WORK REQUEST. Transcribe the listing below verbatim, omitting pictures.

GIVEN INFORMATION.
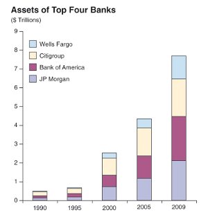 Das Vermögen der führenden amerikanischen Großbanken hat sich infolge der Abschaffung des Glass-Steagall-Standards explosionsartig vermehrt - vor allem durch Fusionen und Übernahmen.
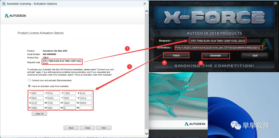 20、打开软件界面,将软件的【Request code】填入到程序的【Requset】内,再点击【Generate】,将程序的【Activation】填入到软件的【I have an…】内,再点击【Patch】
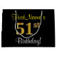 Bolsa De Regalo Grande Elegante, negro, falso oro 51 cumpleaños + nombre

TASK RESPONSE.
 Das Vermögen der führenden amerikanischen Großbanken hat sich infolge der Abschaffung des Glass-Steagall-Standards explosionsartig vermehrt - vor allem durch Fusionen und Übernahmen.
 20、打开软件界面,将软件的【Request code】填入到程序的【Requset】内,再点击【Generate】,将程序的【Activation】填入到软件的【I have an…】内,再点击【Patch】
 Bolsa De Regalo Grande Elegante, negro, falso oro 51 cumpleaños + nombre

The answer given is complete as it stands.